On 10th October SWAN London held an open event attended by over 60 people, entitled 'Social Work and The Grenfell Tower Tragedy' at London South Bank University, examining the context and aftermath of the appalling fire in Kensington on 14th June this year.
A panel of activists, residents, academics and workers addressed the meeting.
There was analysis on the context of mature austerity and the impact of cumulative cuts to local authority and housing budgets leading to this event; the death of working class people in their own homes.
Anna Gupta, Professor of Social Work at Royal Holloway University, talked about the horrendous circumstances whereby children in the richest borough in the UK could burn to death. She drew links with the decisions to save money on type of cladding on the Grenfell Tower block and years of the council and Tenancy Management Organisation ignoring local residents and their warnings about fire safety. She commented that the absence of an organised, swift and human response from social services, has some connection with how social work has often been reduced to an individualised focus, ill equipped to respond to a community wide catastrophe.
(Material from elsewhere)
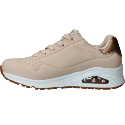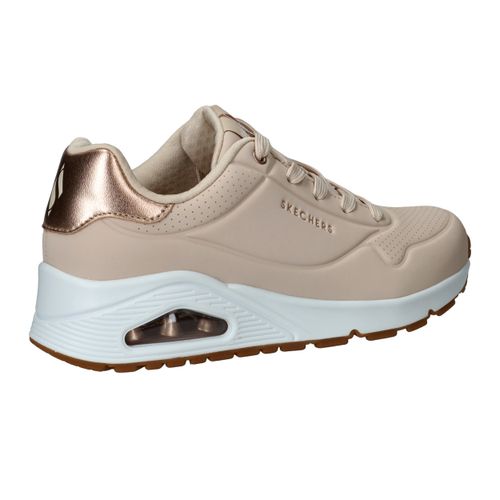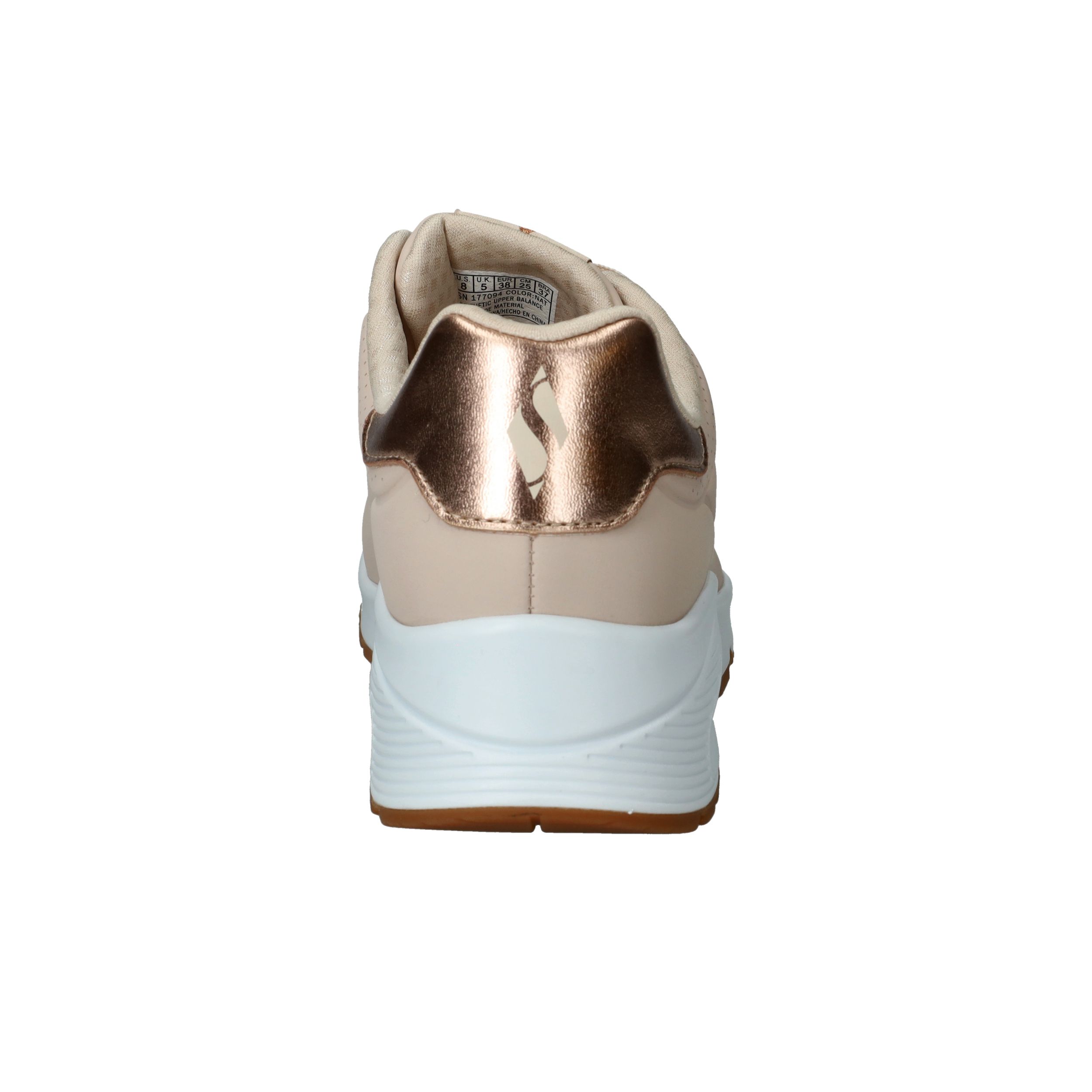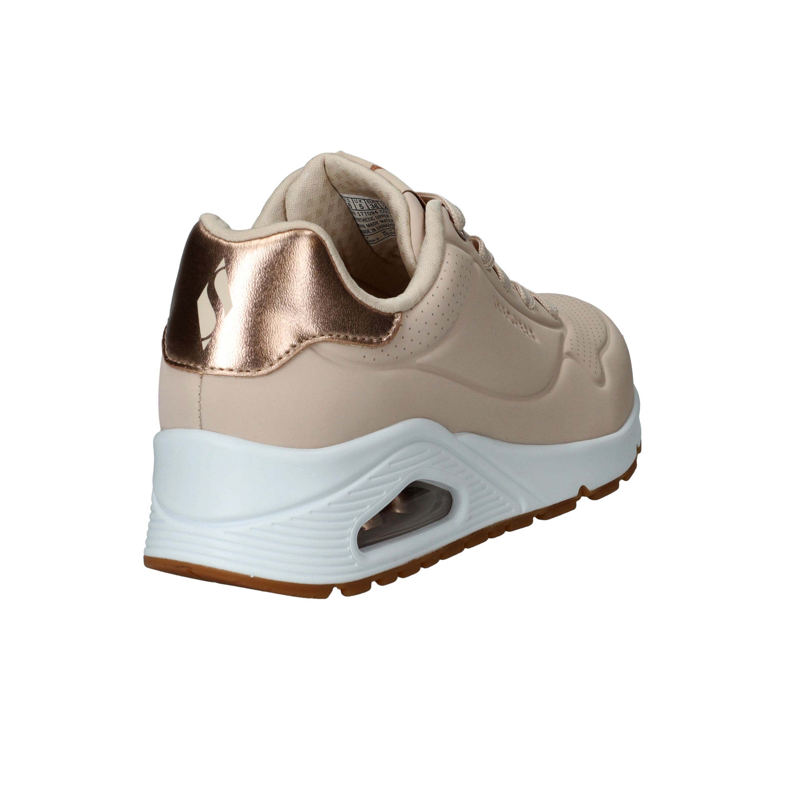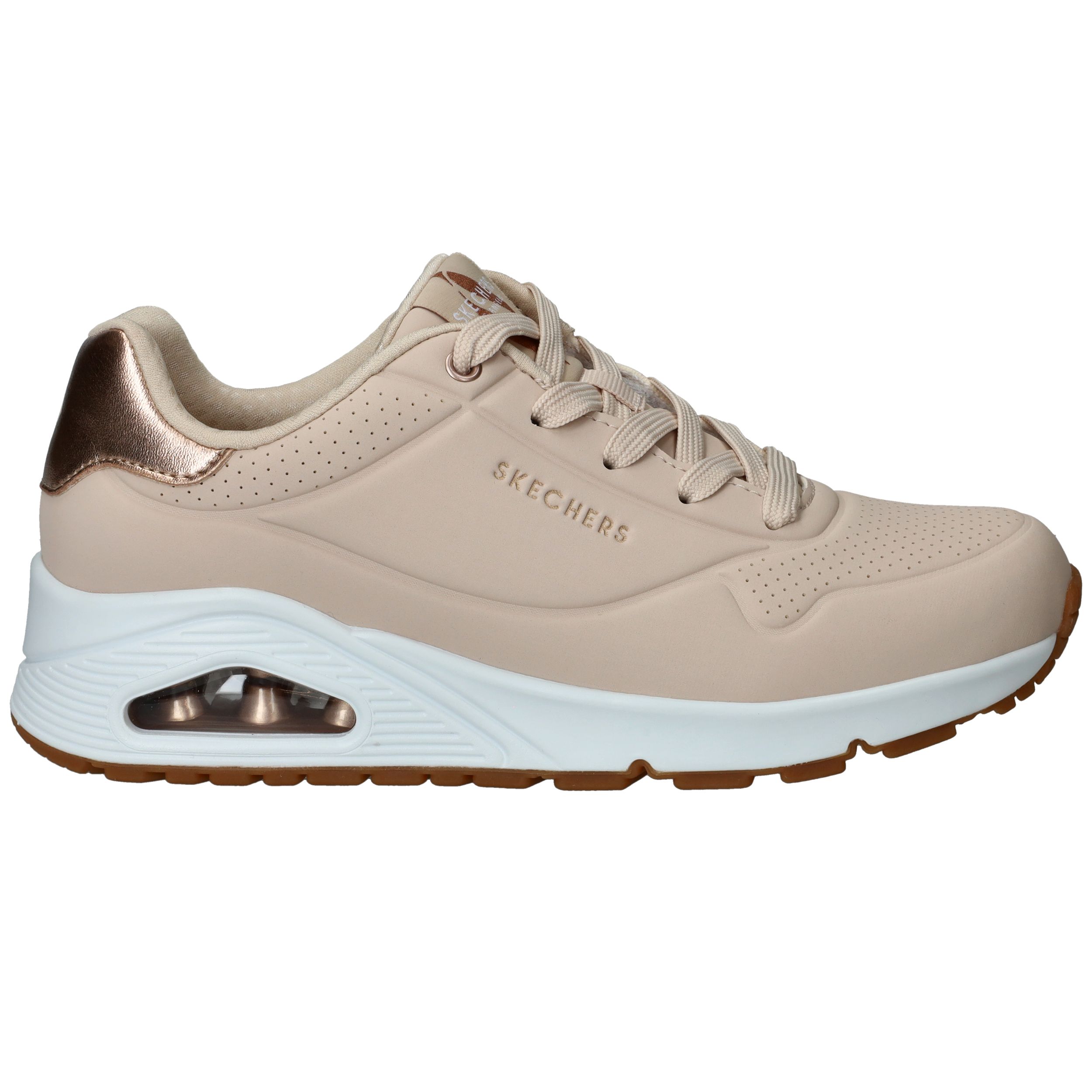 Sportieve Skechers Uno Golden Air sneaker voor dames in een warm beige kleur met rosé gouden accenten! De sneaker loopt extra lekker door het Air-Cooled Memoryfoam voetbed.

She discussed how analysis of environmental and social factors (poverty, housing precarity, immigration status and other factors) were often secondary factors or absent from children and family social work assessments, which instead focused on parental harm. She made an appeal for social workers to rediscover community social work and for social work students to call for this to be covered on social work courses.
Moyra Samuels from the Justice 4 Grenfell campaign talked about the impact of the fire on the local community which, in addition to the survivors of the tower, was left traumatized. For the 'Justice 4 Grenfell' campaign and survivors of the fire, Kensington and Chelsea Borough Council has become known as the 'Rotten Borough'. She talked of how, as a teacher, she is aware of how social workers in the context of austerity are overloaded, under resourced and were unsurprisingly unable to respond effectively to events in the community. She discussed the social cleansing of the working class afoot in London, asset stripping of community resources in North Kensington (including the local library and college), the absence of an organised response from the state and the swell of spontaneous 'social work' from the community themselves providing assistance with food, clothing, accommodation and more. Justice 4 Grenfell are calling for housing of the same standard or better for those who have lost their homes in the fire; to hold to account the sorely limited Moore-Bick enquiry and to seek that those council leaders and officials - who sought to save money for a council in surplus over the lives of the residents - are brought to justice and jailed.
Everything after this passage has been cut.